The CGA’s Mitchell Brooke says the prospect of shipping significantly higher volumes of citrus from South Africa is very real
Increasing production towards Vision 260 in the South African citrus industry is very real and backed up by the 2024 export estimates.
The industry should therefore not shy away from the fact that a lot more citrus will need to be exported in the near future.
That was the view of Mitchell Brooke, senior executive at the Citrus Growers’ Association (CGA), who is leading the industry’s logistical planning.
“The tree census data and long-term crop projection model, not to omit what we see with our own eyes, highlights the number of hectares that have been planted over the last few years,” he said.

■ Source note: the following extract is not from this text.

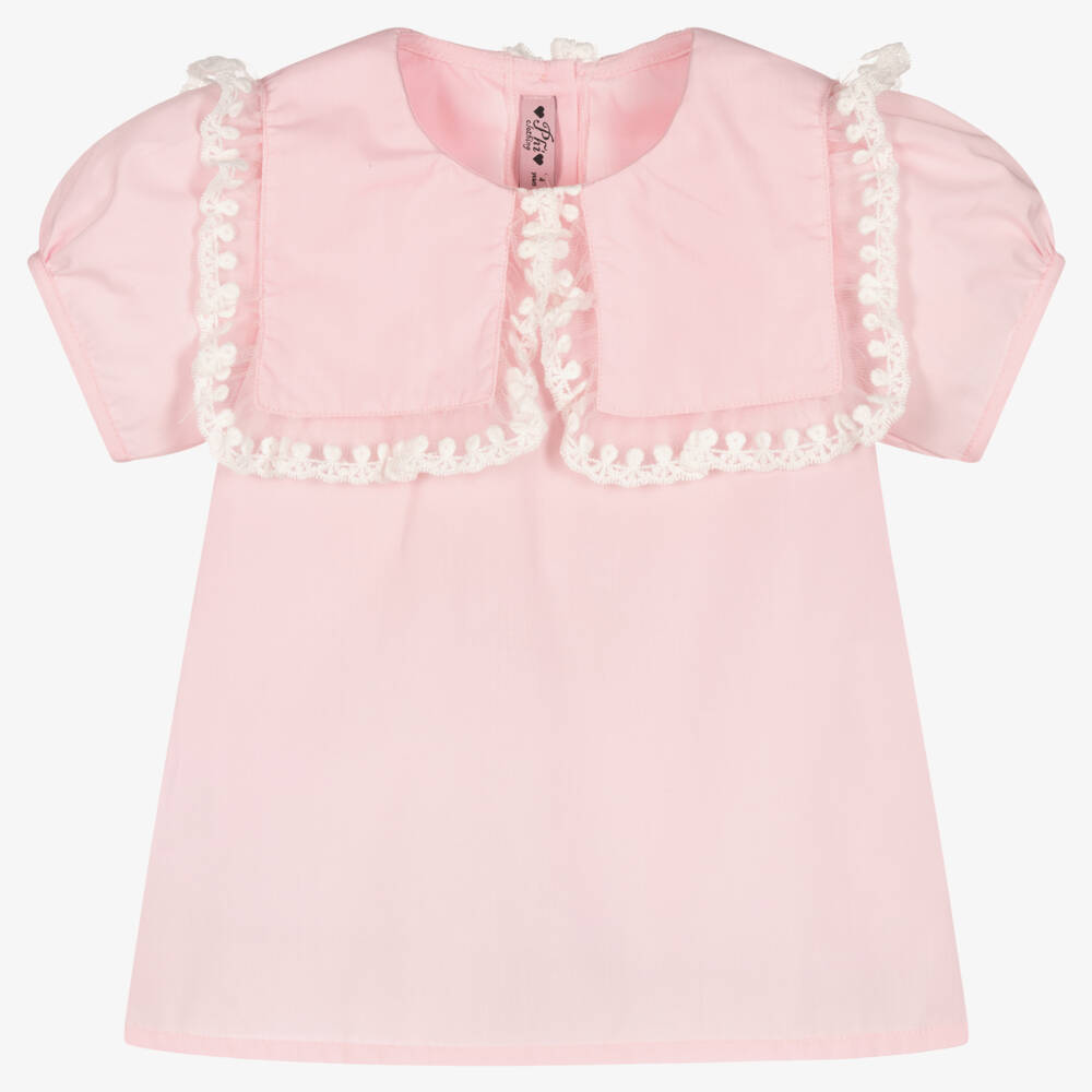 Girls pink blouse from Phi Clothing, made in lightweight cotton poplin. Fastening with traditional mother-of-pearl buttons on the back, this feminine style has an oversized square collar with pretty embroidered tulle trim and sweet puffed sleeves.
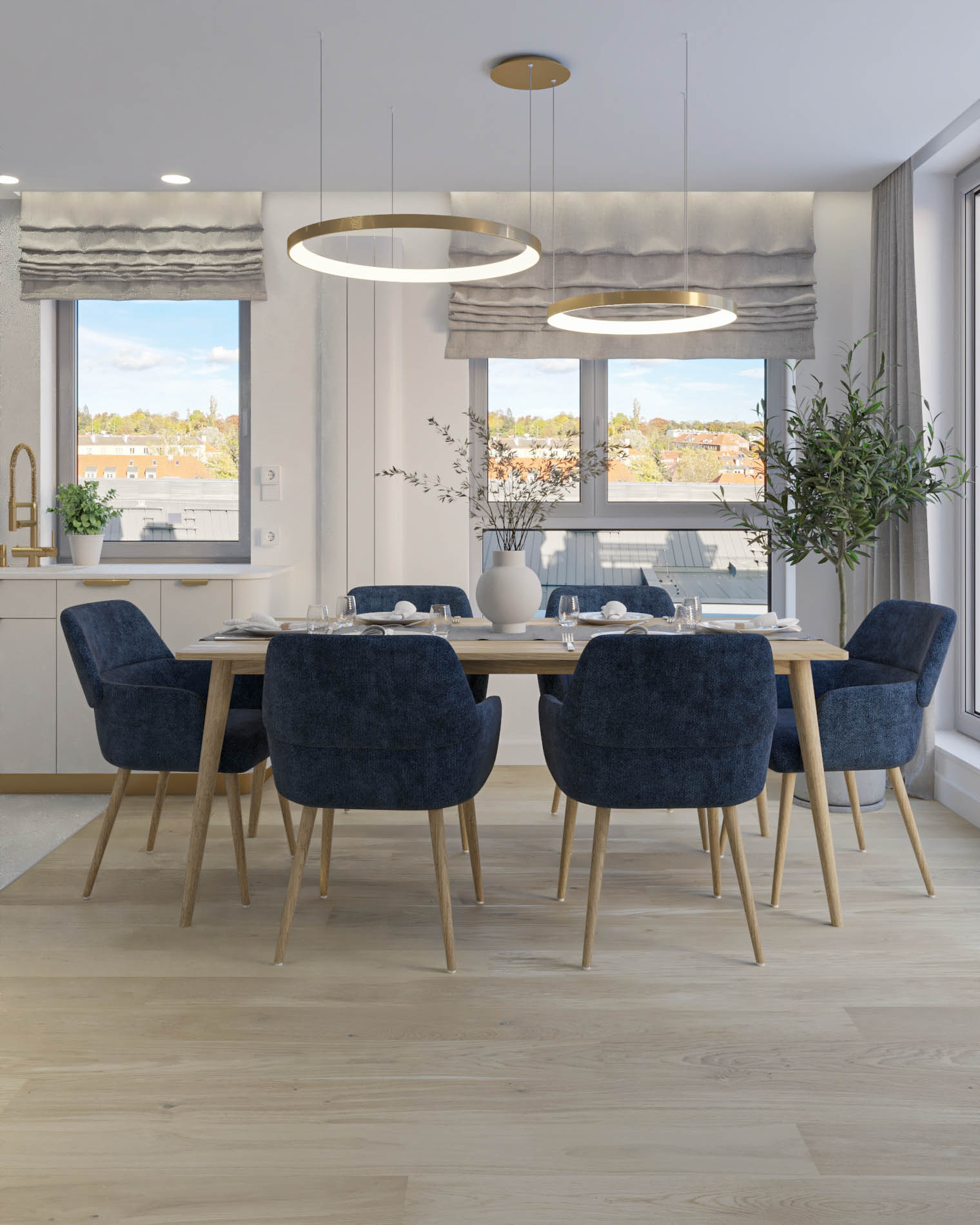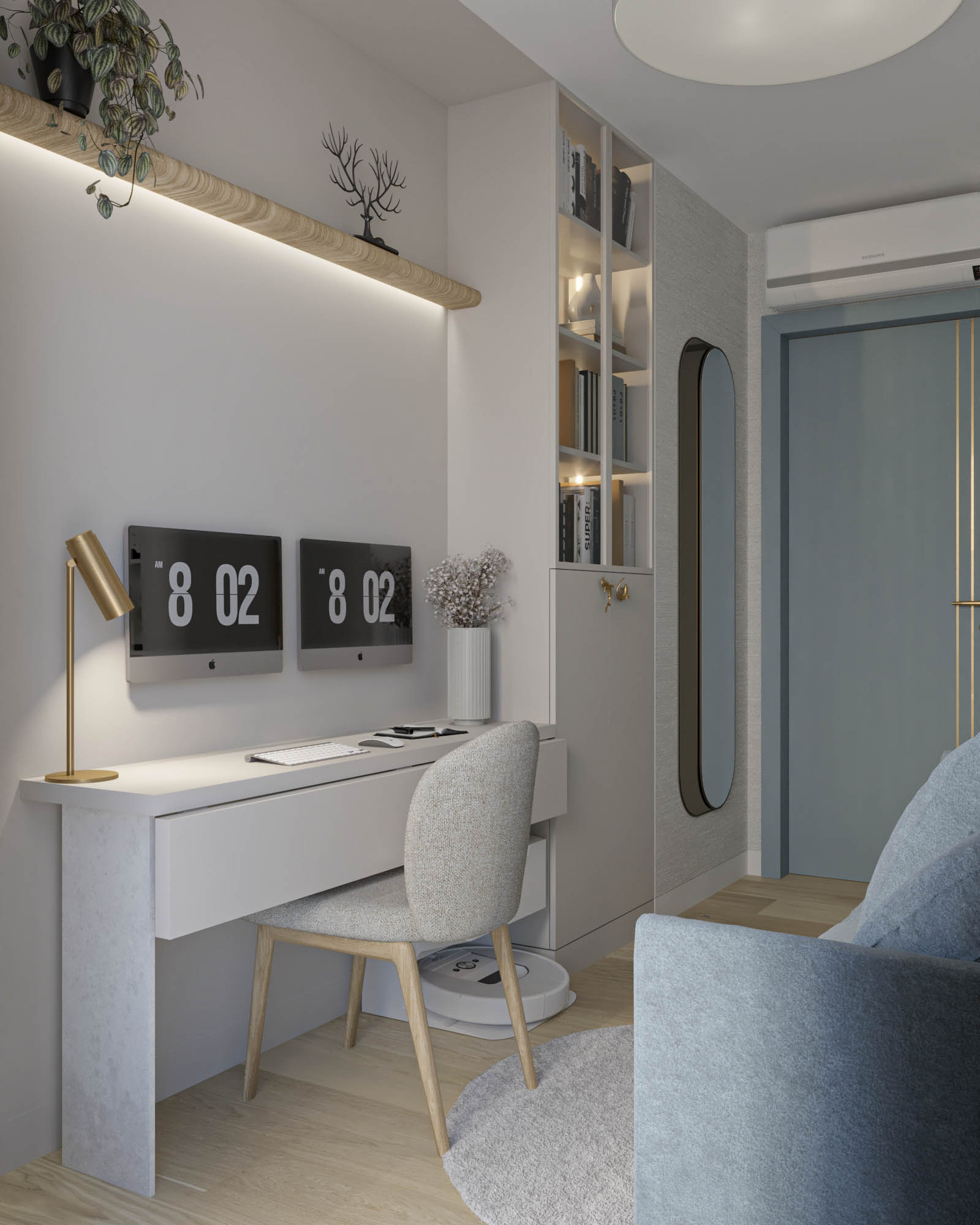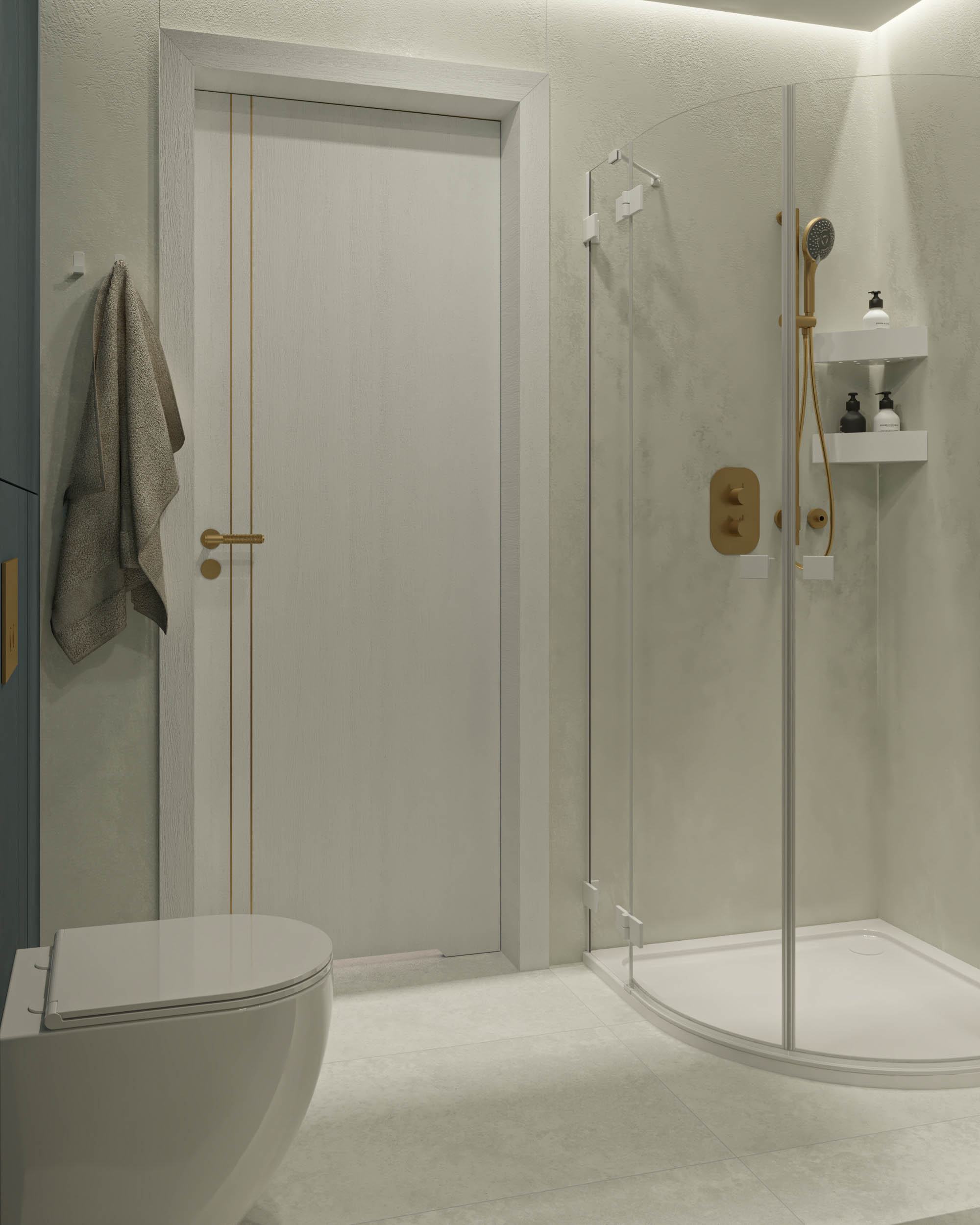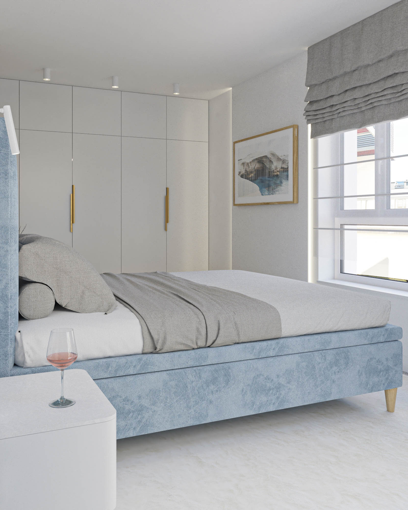 Mieszkanie zaprojektowano w nowoczesnym stylu, opartym na szlachetnych i trwałych materiałach. We wnętrzu zastosowano konglomerat kwarcowy, naturalne drewno na podłodze oraz wysokiej jakości włoską armaturę, które wspólnie budują elegancki i dopracowany charakter przestrzeni. Kolorystyka bazuje na złamanych bielach, ciepłych beżach i odcieniach błękitu oraz granatu. Ta spokojna paleta barw subtelnie nawiązuje do marynistycznego klimatu, wprowadzając do wnętrza świeżość i lekkość. Istotnym motywem kompozycyjnym są miękkie zaoblenia – widoczne w zabudowach stolarskich, lustrach i detalach mebli. Łagodzą one geometryczną prostotę brył, nadając wnętrzu lekkości i płynności. Całość łączy funkcjonalność z elegancją, tworząc harmonijną przestrzeń o wyraźnie dopracowanym, współczesnym charakterze.

Brooke said that there were sufficient hectares of trees at a mature age to produce 185m (15kg) cartons for short-terms exports. He noted however that there were factors contributing both positively and negatively to the export volumes of any particular year.
The overall 2024 estimate has been pitched just above 180m cartons, which is an increase of 10 per cent on last year.
“This projected volume will be affected by harvesting and market dynamics as the season progresses,” Brooke outlined.
From a corridor perspective, the northern regions of South Africa estimate of 91m cartons is up from a baseline of 82m cartons.
The Eastern Cape estimate of 52.5m cartons is up from 47.5m cartons. The Northern and Western Cape regions estimate of 38m cartons is up from 36m cartons and an increase of 6 per cent for the western corridor.
“It is important to point out that the CGA initiative around integration, collaboration, information and communication is of paramount importance when it comes to logistics and shipping,” he noted.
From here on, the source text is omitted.